FOCUS

2012/12/11 UP

KENJI TAKIMI × TETSUYA SUZUKI(honeyee.com / .fatale)

ヒューマンな快楽を求めて、DJカルチャーを読解
『Bonjour Music School feat. honeyee.com』開催記念トークセッション

text by bonjour records photo by Kenta Suzuki

 12月14日(金)に渋谷のSOUND MUSEUM VISIONで開催されるbonjour records主催『Bonjour Music School』。その前哨戦となる、貴重なトークセッションが実現した。今回のイベントでコラボレーションするウェブマガジン、honeyee.com(ハニカム)の編集長であり、昨今はDJとしても活躍する鈴木哲也氏。そして、国内のダンスミュージック・シーンを緩やかに操作してきたインディペンデント・レーベル、Crue-L Recordsの主宰者であり、海外のトップDJからもその才能を高く評価される瀧見憲司。この2人が、『Bonjour Music School feat. honeyee.com』の詳細を明かす。さらに、かつてのDJ文化への“郷愁の念”や現在のクラブ・イベントへの“アンチテーゼ”も含め、来るべき音楽カルチャーの“新地平”を解読する。

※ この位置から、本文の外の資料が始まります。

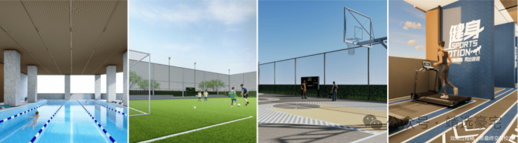 游泳馆、篮球场、mini足球场、儿童游乐场地、健身活动场地等活力功能区;
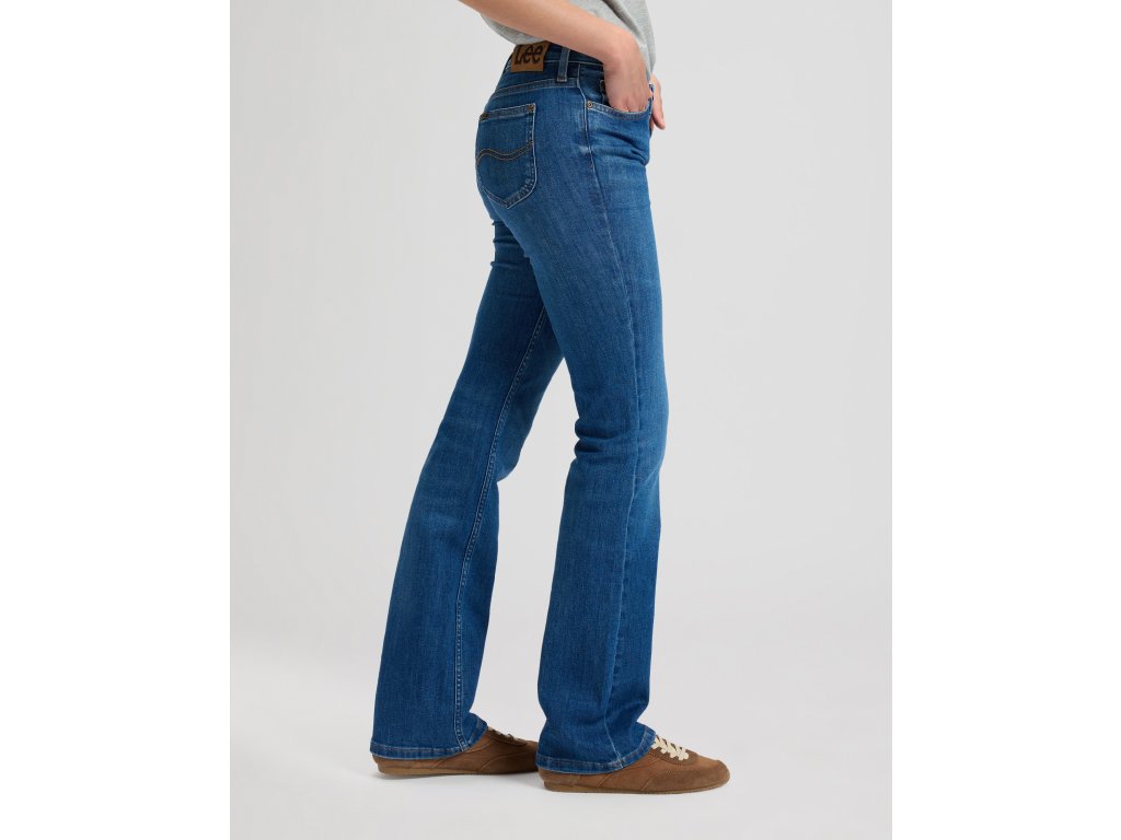Středně modré džíny LEE s nižším sedem do zvonu. Zapíní na zip. Od kolen se rozšiřují. V oblasti boků a stehen mají klasický střih. Vyrobeno s příměsí 2 % elastanu. Vynikají perfektním moderním střihem, modrou jemně vyšoupanou barvou, materiálem a zpracováním. Vyrobeny z více pružné odlehčené džínoviny Lightweight.

鈴木哲也(以下、鈴木)「もうすぐ開催される『Bonjour Music School feat. honeyee.com』では、瀧見さんがステキなDJプレイをきっと聴かせてくれますよ。だって、先日発表された瀧見さんの新プロジェクト:Being Boringsの作品もホント素晴らしかった。ハニカム大推薦盤です」

瀧見憲司(以下、瀧見)「おかげさまで、CDショップのバイヤーや音楽メディアの人からは好評で。だから、この場を借りて、bonjour recordsでもその作品『Esprit』を扱ってもらおうかと(笑)」

──イベント当日、「Esprit」収録曲をプレイする予定は。

瀧見「どうだろうね。このイベントの実際の内容や客層を見てからの判断かな。最近のクラブ、特に大きな箱では、やはり一般層を巻き込まないと、商業的にイベントが成功しないでしょ。だから、こういう大きなパーティでの選曲やプレイはある程度、その場での判断が重要なんだよね」

鈴木「そういう意味では、bonjour recordsがイベントをやる意味は大きいかもしれない。というのも、bonjourのポジションは“メジャー内アンダーグラウンド”というか、コアっぽいものとマスっぽいものの二極化をミックスするポイントになろうとしていると思うんですよ」

瀧見「じゃあ、今回の『Bonjour Music School』も、そういうテーマ性へと持っていこうと」

鈴木「いままでの『Bonjour Music School』の主体性には僕は関知していないからわからないですけど、今回のハニカム版のイベントにおいては、そういう意図はありますね。いまクラブ・シーンの火か消えているわけではないけど、もう一度、音楽にうるさい人の足をクラブへ向かわせつつ、ポピュラリティのあるイベントにできればいいなって」

瀧見「うん、オールジャンル・イベントのなかで、ポピュラリティとヴァリュー感の中に、少し予測不能性を出している感じだよね」

──確かに、メジャーで活躍中のアーティストとクラブ・シーンど真ん中で活動しているDJが、貴重な共演を果たすパーティだと思います。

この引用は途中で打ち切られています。